Volume rendering of the expert annotation (left) and the network prediction (right). The binary masks were multiplied with the HR-pQCT volume to yield the respective bone volumes. Note that the rendering of the prediction appears slightly degraded due to the up-sampling as part of the post-processing pipeline. The bones were rendered using MeVisLab version 3.1.0 (https://www.mevislab.de/).

Time to measurement

In the following, all steps of the manual pipeline were compared with the fully automatic pipeline depicted in Fig. 1 with respect to the time requirements.

Image acquisition

The image acquisition was equal for the manual and the fully automatic pipeline. However, in order to compare the two pipelines, all the respective steps have to be considered for a complete comparison of the time requirements. The fixation and the scanning of the patient’s hand took 8.4 min16.

Segmentation

For the 2D U-Net, the network-based pipeline took on average 33.45 s (SD 0.08). The 3D U-Net slightly surpassed the 2D U-Net with an average of 32.98 s (SD 0.09). The comparison of the semi-automatic segmentation and the network-based segmentation is shown in Table 2 in the Segmentation row.

Table 2 Comparison of the gold standard manual pipeline and the automatic pipeline.

vBMD calculation

The last step of the clinical workflow is the calculation of the volumetric bone mineral density. Similar to the image acquisition, this step did not differ for the automatic and the manual pipeline. Based on the segmentation from the previous pipeline step, the bone can be extracted by a multiplication of the acquired image and the segmentation mask17. Finally, the vBMD for the entire bone can be calculated using the intensity values of the calibrated images.

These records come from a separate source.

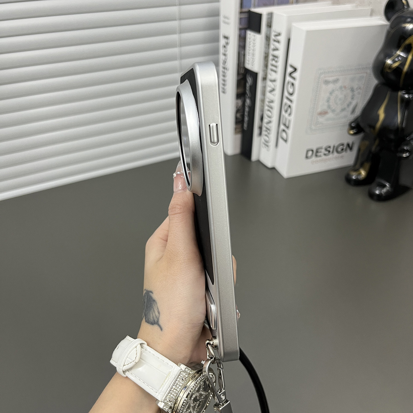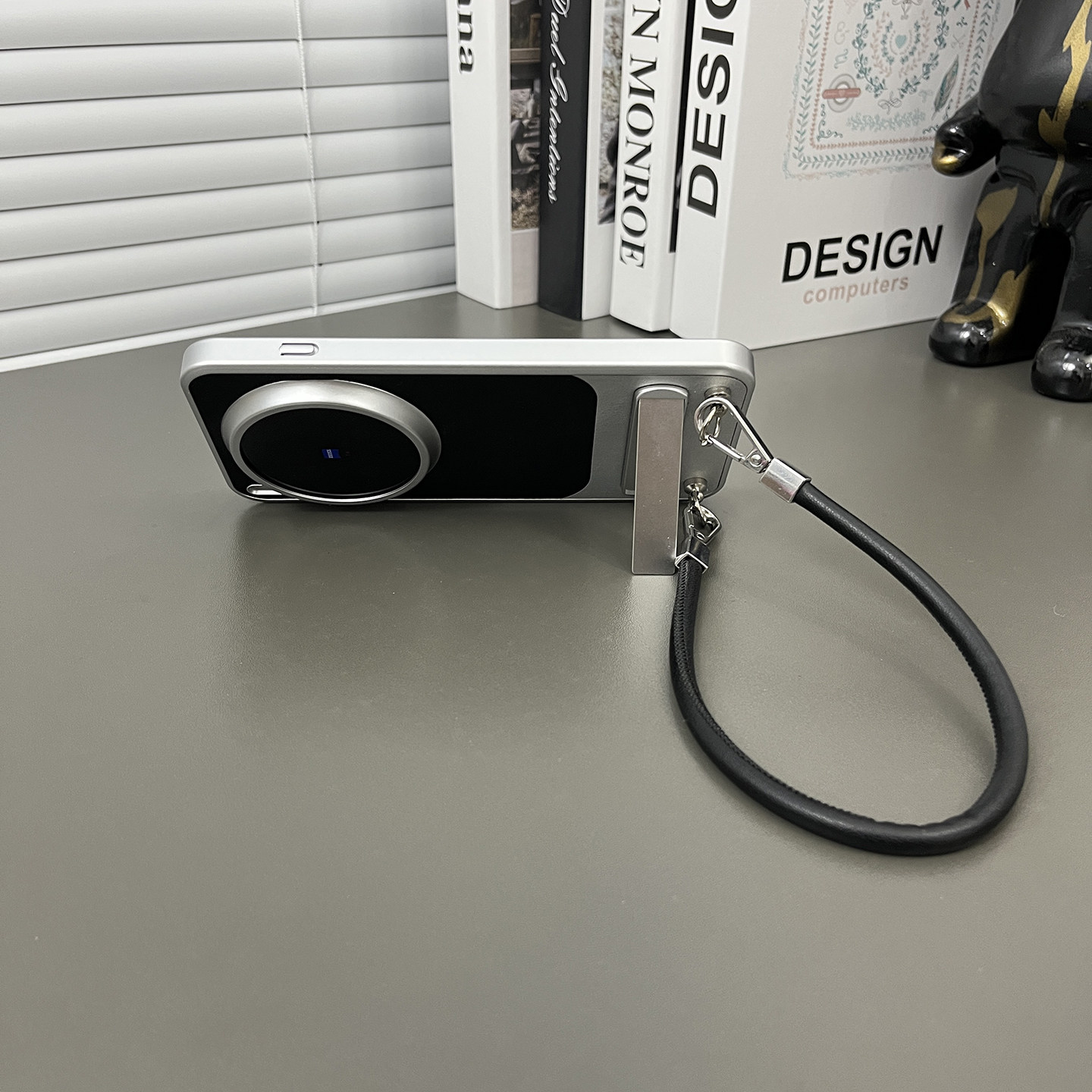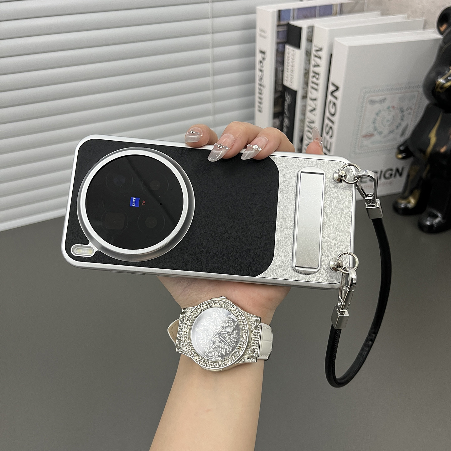 三只鱼【网红素皮纹石墨黑手提绳】适用于vivox300pro/x200ultra手机壳新款个性高档防摔半包保护套男女商务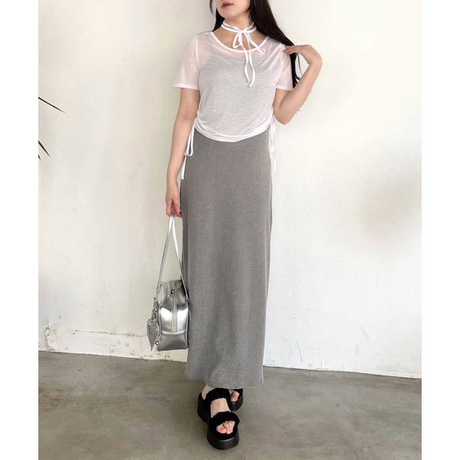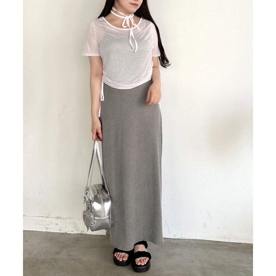 ・紐をトップスにあるループに通してリボンにしたり、首元でチョーカーのように結んだり様々な着こなしを楽しめます。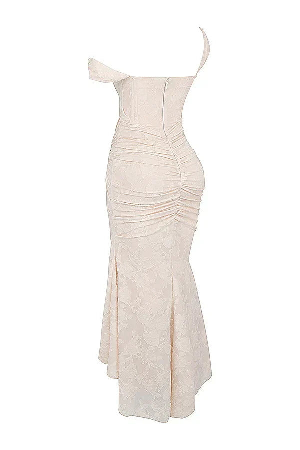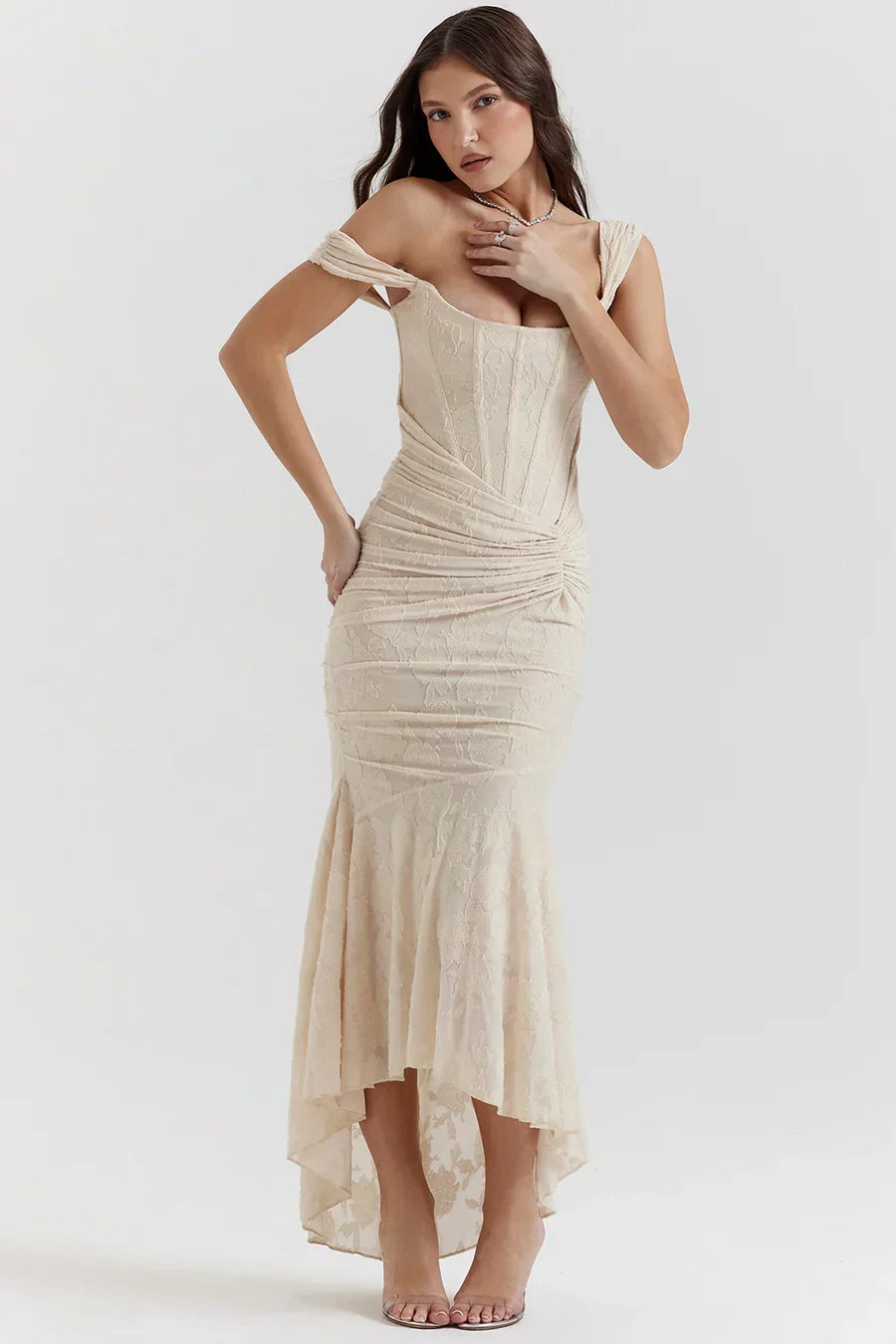 Het korset sluit mooi aan en accentueert je figuur, terwijl de gedrapeerde details rond de taille zorgen voor een vrouwelijk silhouet. De off-shoulder bandjes geven een romantische en sensuele touch, en de fishtail-zoom met lichte high-low afwerking beweegt sierlijk met je mee.

The calculation of the vBMD for the segmented bone consists of the summation of the corresponding voxels in the calibrated images. On average, this step takes 1 min18.

Discussion

In this work, a fully automatic vBMD measurement pipeline was introduced. This pipeline extends previous work by the integration of the automatic segmentation pipeline into clinically used systems and the ability to yield the vBMD measurements for the joints of the patients19,20,21. The introduced pipeline succeeds the SOTA in terms of the time requirements and shows very high agreement with the expert-based measurements. Additionally, the dataset used to train and test the segmentation network is substantially larger than in previous works.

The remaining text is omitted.